Pictures in the records below must be left out. Return exactly the lines from the line with "El rendimiento anualizado, 5%-20%, que" to the line with "プロテアを中心に落ち着きのある花材を使用して作成しました。", both included.

#### Entries supplied:
== Segment start ==
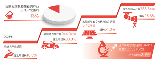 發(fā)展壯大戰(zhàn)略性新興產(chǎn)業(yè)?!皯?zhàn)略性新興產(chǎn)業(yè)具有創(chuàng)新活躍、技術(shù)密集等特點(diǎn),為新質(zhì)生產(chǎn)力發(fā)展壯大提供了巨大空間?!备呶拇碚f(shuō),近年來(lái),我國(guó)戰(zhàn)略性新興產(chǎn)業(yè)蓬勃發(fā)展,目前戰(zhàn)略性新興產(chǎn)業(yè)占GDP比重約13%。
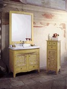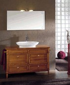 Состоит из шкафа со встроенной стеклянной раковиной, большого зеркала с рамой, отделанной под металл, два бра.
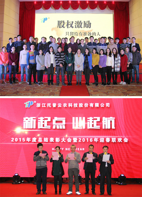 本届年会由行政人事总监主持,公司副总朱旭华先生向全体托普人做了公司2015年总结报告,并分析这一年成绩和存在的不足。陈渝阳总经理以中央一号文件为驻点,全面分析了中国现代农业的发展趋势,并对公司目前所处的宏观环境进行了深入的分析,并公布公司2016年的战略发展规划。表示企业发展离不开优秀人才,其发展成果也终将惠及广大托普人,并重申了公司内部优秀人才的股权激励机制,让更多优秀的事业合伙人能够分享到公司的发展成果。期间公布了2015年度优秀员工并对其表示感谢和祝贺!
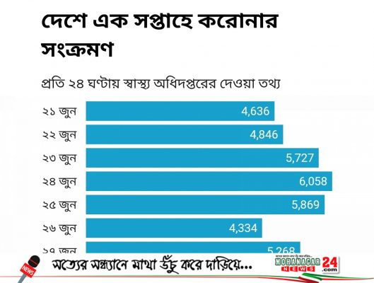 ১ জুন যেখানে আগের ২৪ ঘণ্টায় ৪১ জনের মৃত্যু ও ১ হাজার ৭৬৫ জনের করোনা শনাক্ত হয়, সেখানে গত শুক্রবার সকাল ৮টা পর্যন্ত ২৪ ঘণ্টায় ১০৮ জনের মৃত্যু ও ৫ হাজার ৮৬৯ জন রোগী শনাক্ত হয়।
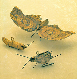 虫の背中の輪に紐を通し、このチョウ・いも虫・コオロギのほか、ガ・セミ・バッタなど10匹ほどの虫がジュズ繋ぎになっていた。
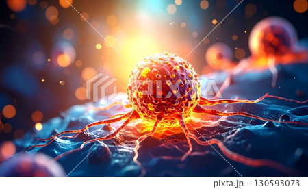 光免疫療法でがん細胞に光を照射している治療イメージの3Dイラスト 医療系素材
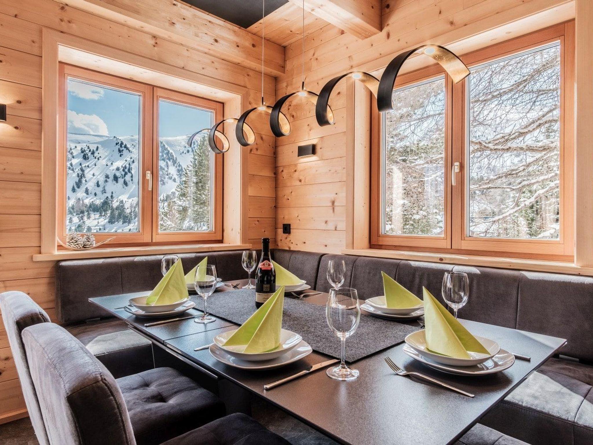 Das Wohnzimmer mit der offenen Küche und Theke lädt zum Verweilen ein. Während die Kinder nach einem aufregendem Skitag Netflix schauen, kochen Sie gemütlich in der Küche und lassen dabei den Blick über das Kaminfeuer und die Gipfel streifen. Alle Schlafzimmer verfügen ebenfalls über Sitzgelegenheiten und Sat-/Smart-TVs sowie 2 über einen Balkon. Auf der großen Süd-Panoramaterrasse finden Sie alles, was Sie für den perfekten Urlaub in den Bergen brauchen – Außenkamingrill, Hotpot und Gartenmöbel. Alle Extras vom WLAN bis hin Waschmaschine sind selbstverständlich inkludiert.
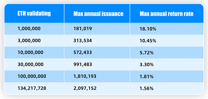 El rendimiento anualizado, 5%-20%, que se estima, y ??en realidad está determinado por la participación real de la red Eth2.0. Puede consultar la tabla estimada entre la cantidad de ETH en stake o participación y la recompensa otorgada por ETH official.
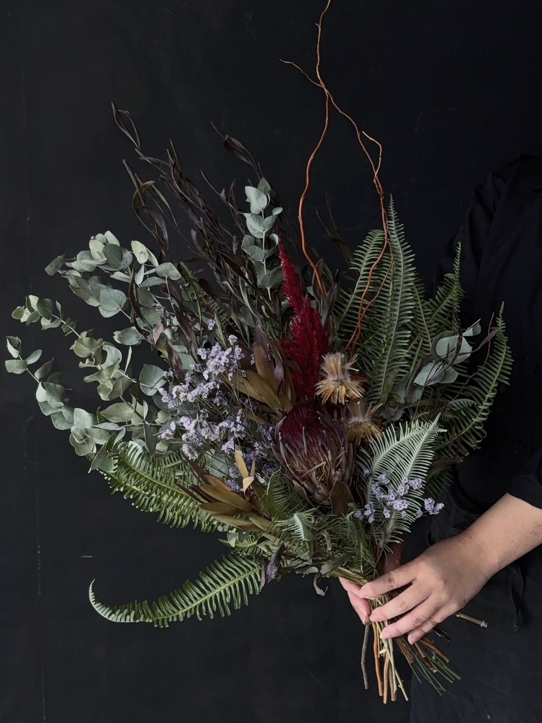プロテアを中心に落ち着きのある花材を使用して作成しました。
== Segment end ==
== Segment start ==
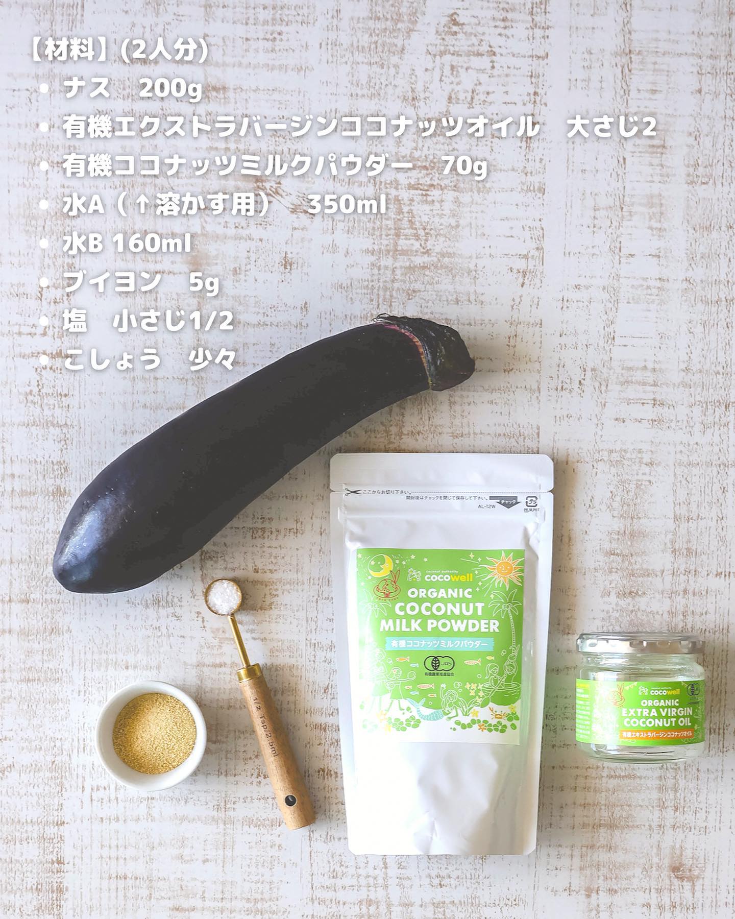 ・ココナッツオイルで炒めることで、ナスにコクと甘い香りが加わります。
== Segment end ==
#### Written response:
 El rendimiento anualizado, 5%-20%, que se estima, y ??en realidad está determinado por la participación real de la red Eth2.0. Puede consultar la tabla estimada entre la cantidad de ETH en stake o participación y la recompensa otorgada por ETH official.
プロテアを中心に落ち着きのある花材を使用して作成しました。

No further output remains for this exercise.